Today’s post was written by Gina Kim Perry, archivist in the Digitization Division at the National Archives at College Park.
Imagine the ability to time travel virtually from the comfort of your home as you read on your computer or cell phone about:
- an Arctic rescue mission as it unfolded on the deck of the U.S.S. BEAR on June 22, 1884 (NAID 6919159), with its crews rescuing Lieutenant Greely and six surviving members of the Greely Expedition; or
- an observation of a meteor “appearing like a ball of fire” and then later “a brilliant aurora” from the deck of the U.S.S. JEANNETTE on September 25, 1879 (NAID 6919191), while the ship was caught in ice floes a mere two months after starting its Arctic expedition; or
- the battle of Hampton Roads on March 9, 1862 (NAID 148768897), as recorded by the U.S.S. MONITOR, the Union Navy’s first ironclad ship.
You can find those events and more in the above-mentioned Navy ships’ logbooks, which are among the 1,987 file units of Logbooks of US Navy Ships, ca. 1801-1940 (NAID 581208) from the National Archives in Washington, DC, that have so far been imaged and are available to view and download in the National Archives Catalog.
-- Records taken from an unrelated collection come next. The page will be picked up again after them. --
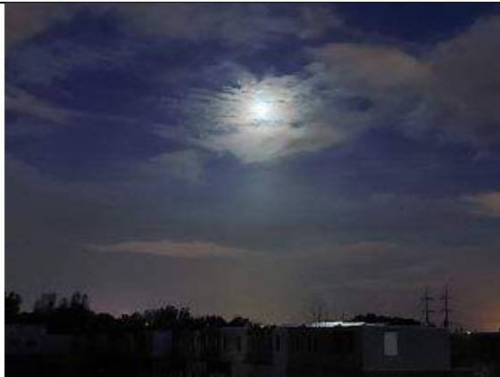
09/11, 07:00, maan, Delft, Lia Claus
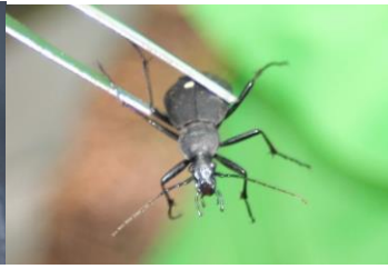
コクロナガオサムシ
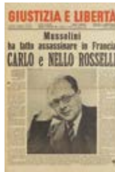
Tednik Giustizia e Libertà

Ob tem bi rad omenil naslednje: takoj po prehodu v novo tisočletje in vstopu v 21. stoletje nam je tržaški kulturni in družbeni delavec Ravel Kodrič priskrbel fotokopijo knjige Il fascismo ed il martirio delle minoranze . Original hrani Istituto storico della Resistenza in Toscana s sedežem v
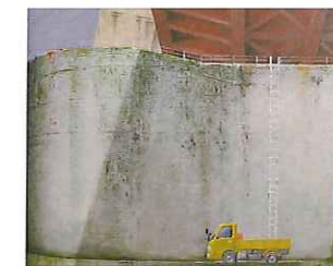
奨励賞 支える 木村 隆

To make it as easy as possible to find and access those digitized logbooks, the National Archives recently published a new web page: Navy Logbooks: Catalog Links to Logs Through 1940.
There are currently 113 Navy ship names listed alphabetically on the web page, and under each ship name, you can find the links to corresponding logbooks listed chronologically. The current total of 1,987 file units of digitized logbooks come from the following three sources: (1) 1,890 file units imaged from original records through a digitization partnership between the National Archives and the National Oceanic and Atmospheric Administration (NOAA); (2) 88 file units imaged from microfilm by NOAA; and (3) nine file units imaged by volunteer citizen archivists. As additional logbooks from the Archives in Washington, DC, are imaged and uploaded to the Catalog, new links will be added to the web page to keep it up to date. (Navy logs for years 1941 and later are housed at the National Archives at College Park, MD; for a list of post-1941 logs in the Catalog, please see this page.)
So, whether you are a genealogist interested in the names of officers and crew members listed in old Navy logbooks; a historian interested in knowing about the course of a voyage and the events onboard; a climate scientist searching for old weather observations; or just someone looking for interesting online materials, you now have access to thousands of digitized 19th and early 20th century Navy logbooks via the links on the new web page or directly from the NARA Catalog.